### WHAT YOU HAVE TO DO
Reproduce the entries in full. Exclude all images from the copy.

### RECORDS FOR THIS EXERCISE
%%

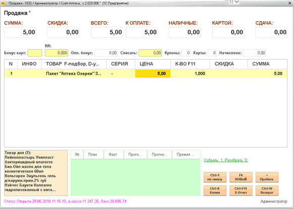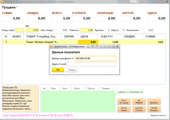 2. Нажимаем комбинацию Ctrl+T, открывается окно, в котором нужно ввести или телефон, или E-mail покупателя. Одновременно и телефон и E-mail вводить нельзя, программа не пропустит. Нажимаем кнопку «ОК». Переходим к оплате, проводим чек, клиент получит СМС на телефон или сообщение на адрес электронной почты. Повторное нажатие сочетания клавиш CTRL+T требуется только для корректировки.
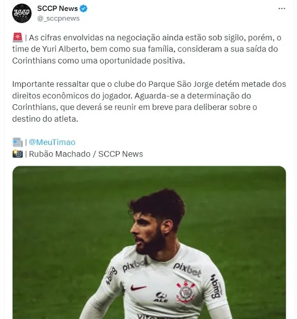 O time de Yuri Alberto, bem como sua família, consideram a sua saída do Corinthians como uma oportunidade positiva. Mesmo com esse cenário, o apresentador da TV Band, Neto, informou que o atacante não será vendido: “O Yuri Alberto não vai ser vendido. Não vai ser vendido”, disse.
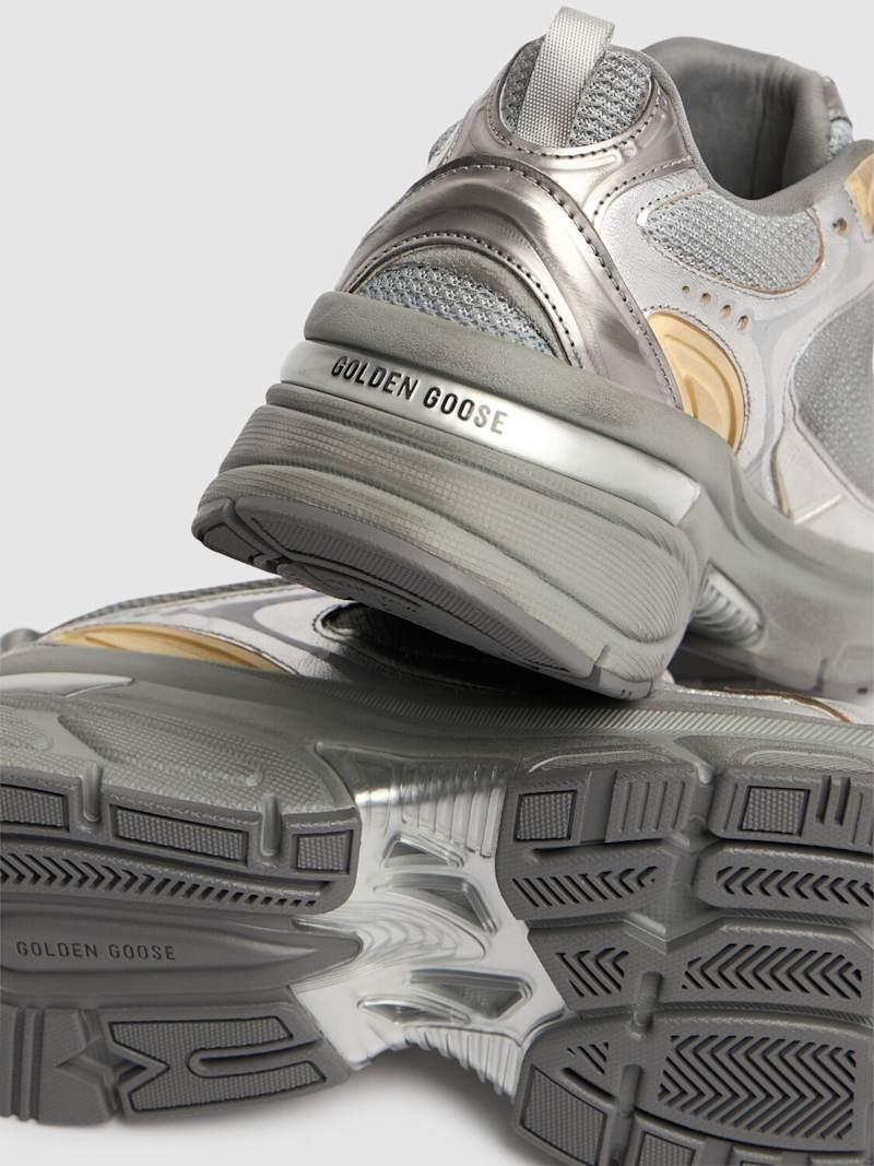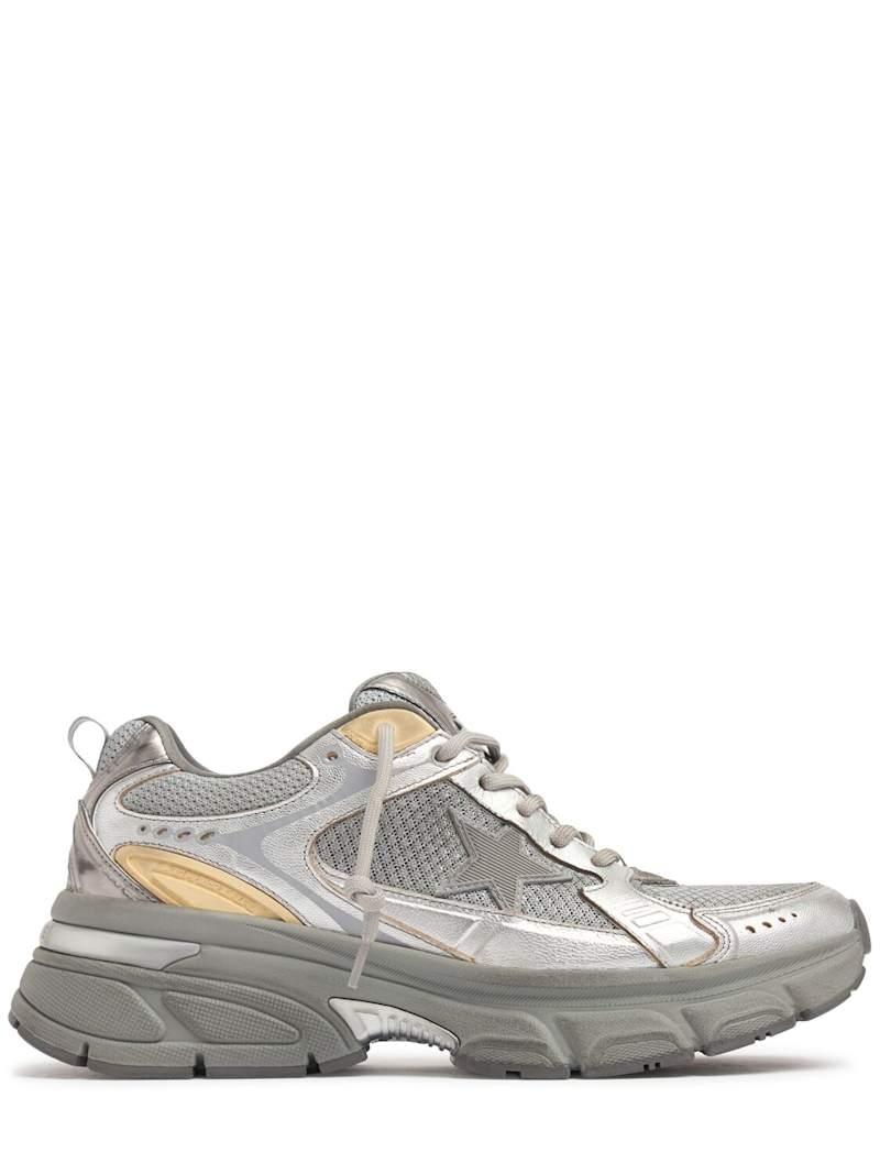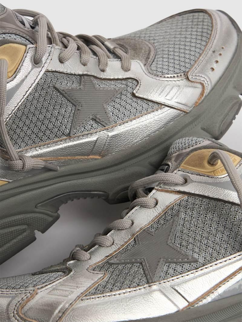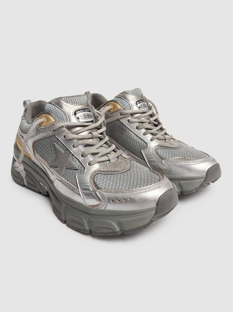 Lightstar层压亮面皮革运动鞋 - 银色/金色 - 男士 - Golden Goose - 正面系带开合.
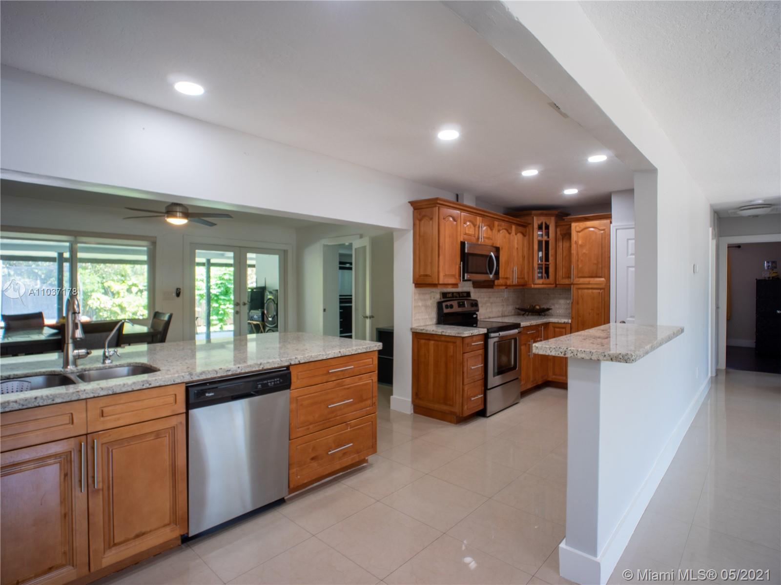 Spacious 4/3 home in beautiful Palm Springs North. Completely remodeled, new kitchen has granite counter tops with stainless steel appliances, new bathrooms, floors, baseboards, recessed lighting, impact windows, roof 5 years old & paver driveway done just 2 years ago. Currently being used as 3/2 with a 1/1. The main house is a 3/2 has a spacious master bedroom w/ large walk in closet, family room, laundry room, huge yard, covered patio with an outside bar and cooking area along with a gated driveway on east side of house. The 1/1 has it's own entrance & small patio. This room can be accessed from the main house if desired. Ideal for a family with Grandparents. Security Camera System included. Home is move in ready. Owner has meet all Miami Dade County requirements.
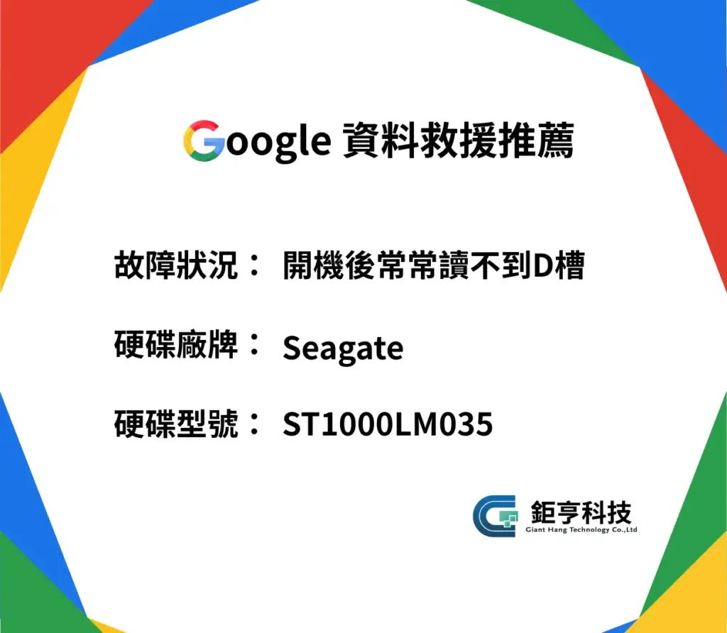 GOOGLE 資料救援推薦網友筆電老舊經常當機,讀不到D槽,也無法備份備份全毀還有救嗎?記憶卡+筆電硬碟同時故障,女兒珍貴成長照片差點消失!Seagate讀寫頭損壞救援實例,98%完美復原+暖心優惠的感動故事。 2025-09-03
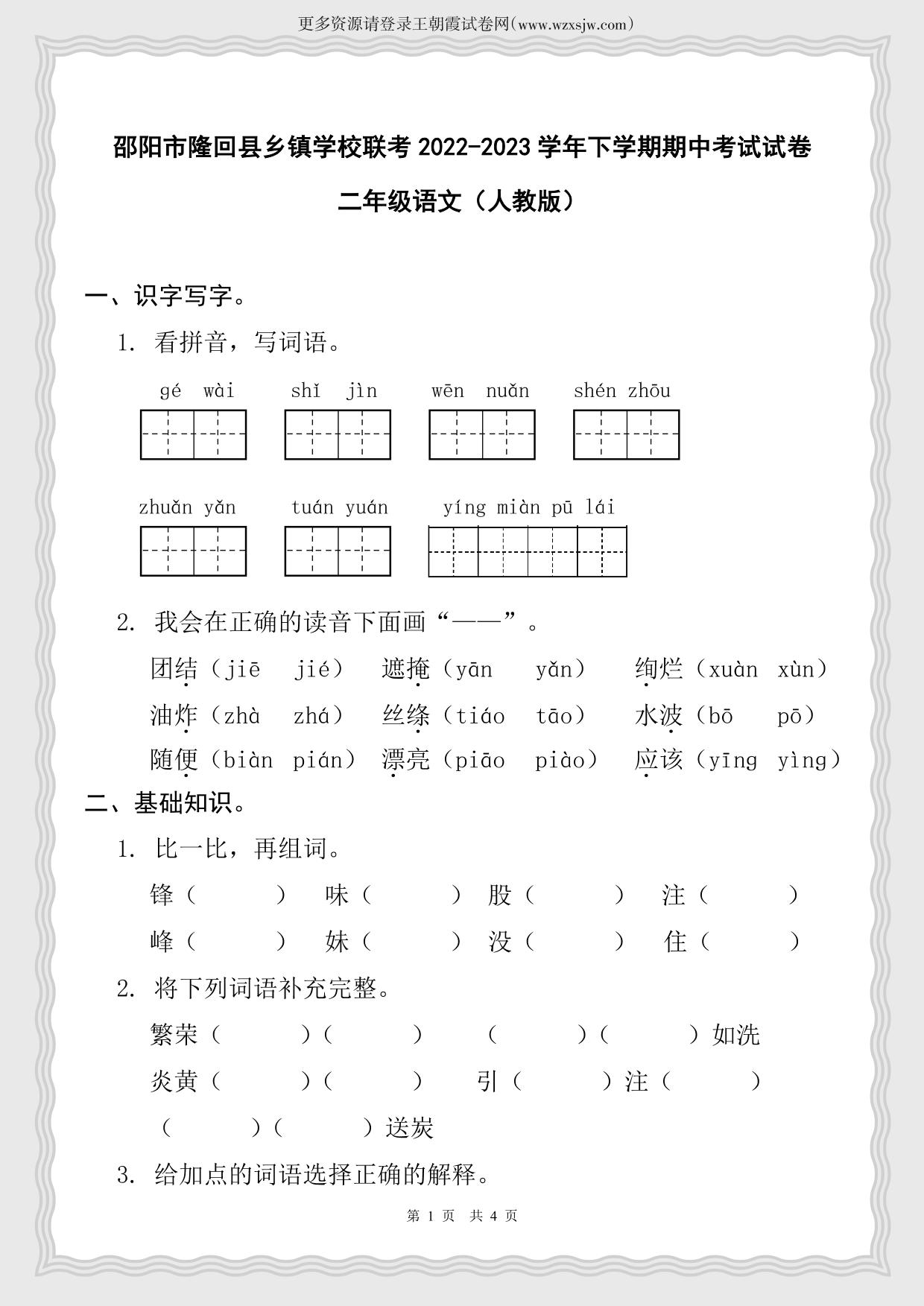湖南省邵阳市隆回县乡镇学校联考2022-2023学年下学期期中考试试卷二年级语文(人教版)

%%

### WRITTEN ANSWER
 2. Нажимаем комбинацию Ctrl+T, открывается окно, в котором нужно ввести или телефон, или E-mail покупателя. Одновременно и телефон и E-mail вводить нельзя, программа не пропустит. Нажимаем кнопку «ОК». Переходим к оплате, проводим чек, клиент получит СМС на телефон или сообщение на адрес электронной почты. Повторное нажатие сочетания клавиш CTRL+T требуется только для корректировки.
 O time de Yuri Alberto, bem como sua família, consideram a sua saída do Corinthians como uma oportunidade positiva. Mesmo com esse cenário, o apresentador da TV Band, Neto, informou que o atacante não será vendido: “O Yuri Alberto não vai ser vendido. Não vai ser vendido”, disse.
 Lightstar层压亮面皮革运动鞋 - 银色/金色 - 男士 - Golden Goose - 正面系带开合.
 Spacious 4/3 home in beautiful Palm Springs North. Completely remodeled, new kitchen has granite counter tops with stainless steel appliances, new bathrooms, floors, baseboards, recessed lighting, impact windows, roof 5 years old & paver driveway done just 2 years ago. Currently being used as 3/2 with a 1/1. The main house is a 3/2 has a spacious master bedroom w/ large walk in closet, family room, laundry room, huge yard, covered patio with an outside bar and cooking area along with a gated driveway on east side of house. The 1/1 has it's own entrance & small patio. This room can be accessed from the main house if desired. Ideal for a family with Grandparents. Security Camera System included. Home is move in ready. Owner has meet all Miami Dade County requirements.
 GOOGLE 資料救援推薦網友筆電老舊經常當機,讀不到D槽,也無法備份備份全毀還有救嗎?記憶卡+筆電硬碟同時故障,女兒珍貴成長照片差點消失!Seagate讀寫頭損壞救援實例,98%完美復原+暖心優惠的感動故事。 2025-09-03
湖南省邵阳市隆回县乡镇学校联考2022-2023学年下学期期中考试试卷二年级语文(人教版)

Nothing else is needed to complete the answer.